If the app is inspectable with Safari (and you have access to the device from macOS), you can launch Safari DevTools’s console and access Secure Storage, as every plugin is accessible from window.Capacitor.Plugins.

In that case, you can trigger a manual wipe of secure storage and reload the app like this:

window.Capacitor.Plugins.SecureStoragePlugin.clear().then(() =>
  window.location.reload()
);

How to prevent such events?

Use @capacitor/preferences, which uses UserDefaults underneath, to create a flag hasLaunchedBefore. This checks if the app is launched for the first time since installation.

Detect the first launch after install so the app knows if it’s freshly installed.
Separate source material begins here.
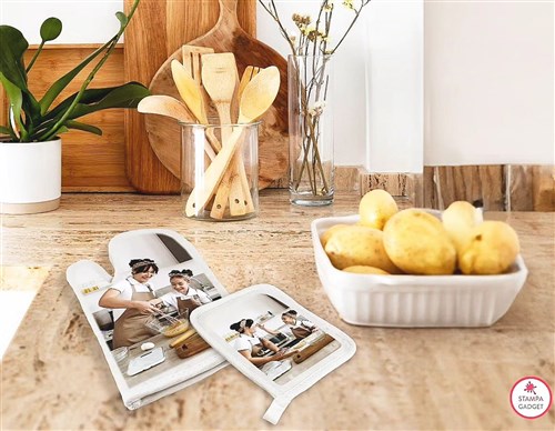 Il pratico guanto da forno, per rendere il tuo ambiente, in cucina ancora più coinvolgente e originale. I guanti da forno sono imbottiti e personalizzati con rifiniture colorate rosse; Puoi personalizzarli con le tue fotografie e immagini per rendere i tuoi pasti divertenti. Infine se desideri avere un prodotto più originale aggiungi le grafiche disponibili online e scrivi un testo. Personalizza la tua cucina una buona idea regalo Area di stampa :15 cm x 24 cm

On first launch, clear the secure storage.

Note: If used in an already deployed app, this approach will:

  • Delete existing tokens (treating the app as fresh install)
  • In production, mitigate this by:
    • Shipping two updates (first add Preferences, then clear), or
    • Validating stored tokens with your backend before clearing
import { Preferences } from "@capacitor/preferences";
import { SecureStoragePlugin } from "capacitor-secure-storage-plugin";

/** Ensures corrupted tokens are cleared after fresh install. Can be launched only for iOS */
const onAppLaunch = async () => {
  const hasLaunchedBefore = await Preferences.get({ key: "hasLaunchedBefore" });
  if (hasLaunchedBefore.value !== "true") {
    // First launch after install
    await SecureStoragePlugin.clear();
    Preferences.set({ key: "hasLaunchedBefore", value: "true" });
  }
};

Why use @capacitor/preferences instead of localStorage?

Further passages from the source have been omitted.